■ WHAT TO WORK ON ■
The answer must consist only of the lines in the records below from the line with "Electronic databases, including" to the line with "Barbara Fried and", both included, copied word for word with every picture left out.

DATA SUPPLIED below:

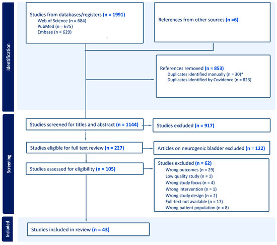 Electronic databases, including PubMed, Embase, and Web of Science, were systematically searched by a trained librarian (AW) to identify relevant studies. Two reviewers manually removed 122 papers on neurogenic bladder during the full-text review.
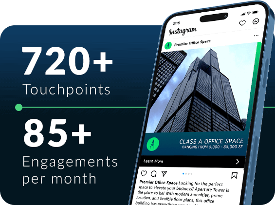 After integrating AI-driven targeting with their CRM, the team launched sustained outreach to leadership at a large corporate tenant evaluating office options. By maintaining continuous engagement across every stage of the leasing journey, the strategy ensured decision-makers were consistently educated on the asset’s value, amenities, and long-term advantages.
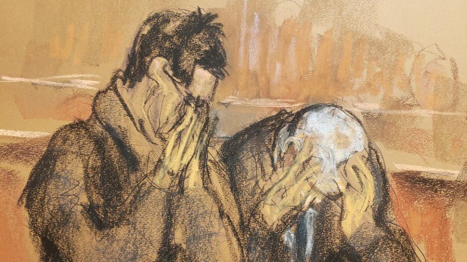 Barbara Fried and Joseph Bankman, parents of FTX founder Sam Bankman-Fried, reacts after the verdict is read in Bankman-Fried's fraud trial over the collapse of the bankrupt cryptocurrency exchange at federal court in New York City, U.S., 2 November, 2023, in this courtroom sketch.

End of DATA SUPPLIED.
DATA SUPPLIED below:

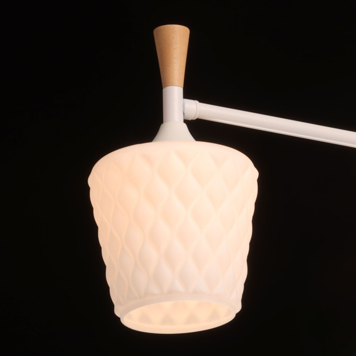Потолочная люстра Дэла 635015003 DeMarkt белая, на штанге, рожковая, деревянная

End of DATA SUPPLIED.
DATA SUPPLIED below:

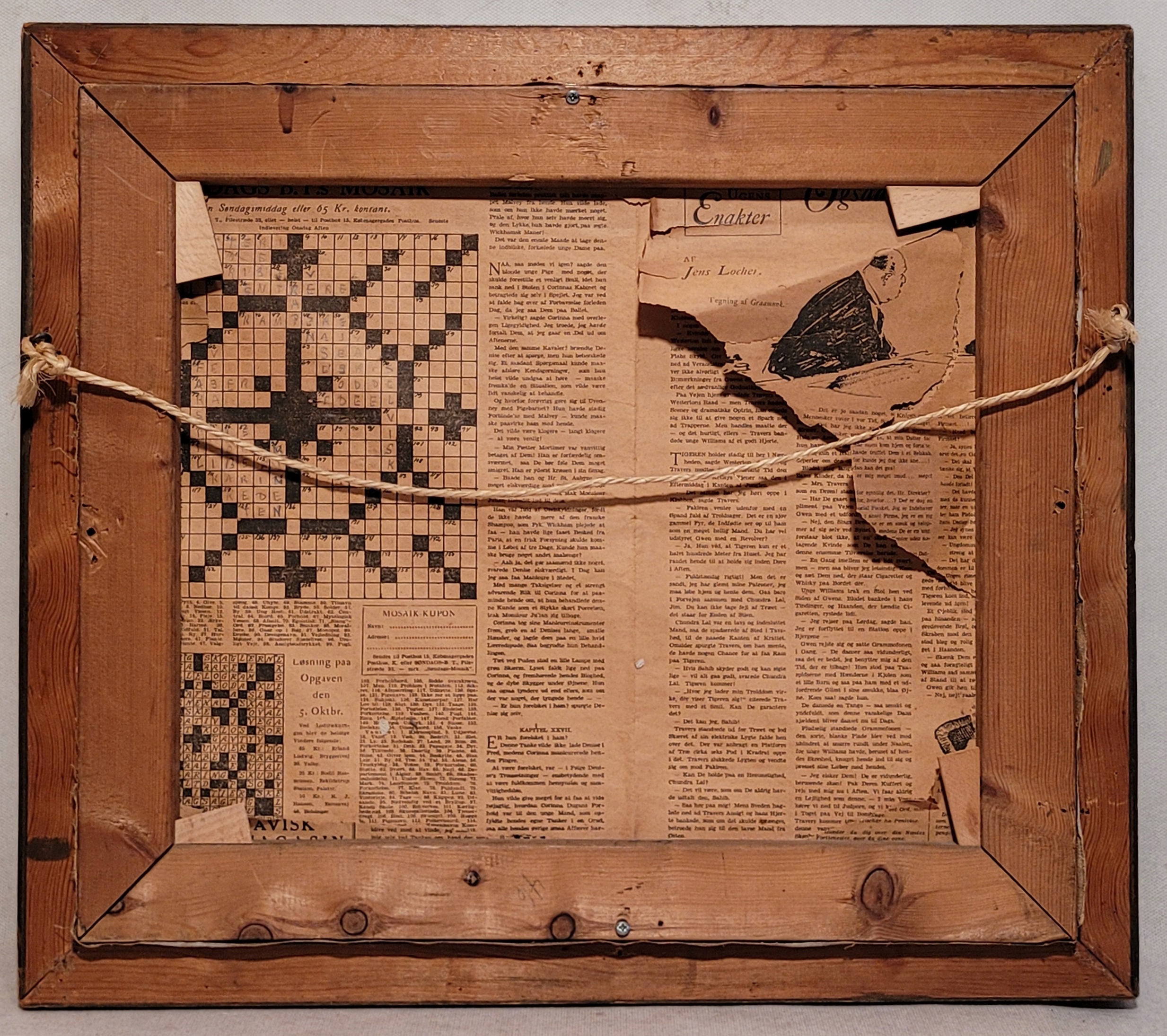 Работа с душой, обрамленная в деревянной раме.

End of DATA SUPPLIED.

■ ANSWER SPACE ■
 Electronic databases, including PubMed, Embase, and Web of Science, were systematically searched by a trained librarian (AW) to identify relevant studies. Two reviewers manually removed 122 papers on neurogenic bladder during the full-text review.
 After integrating AI-driven targeting with their CRM, the team launched sustained outreach to leadership at a large corporate tenant evaluating office options. By maintaining continuous engagement across every stage of the leasing journey, the strategy ensured decision-makers were consistently educated on the asset’s value, amenities, and long-term advantages.
 Barbara Fried and Joseph Bankman, parents of FTX founder Sam Bankman-Fried, reacts after the verdict is read in Bankman-Fried's fraud trial over the collapse of the bankrupt cryptocurrency exchange at federal court in New York City, U.S., 2 November, 2023, in this courtroom sketch.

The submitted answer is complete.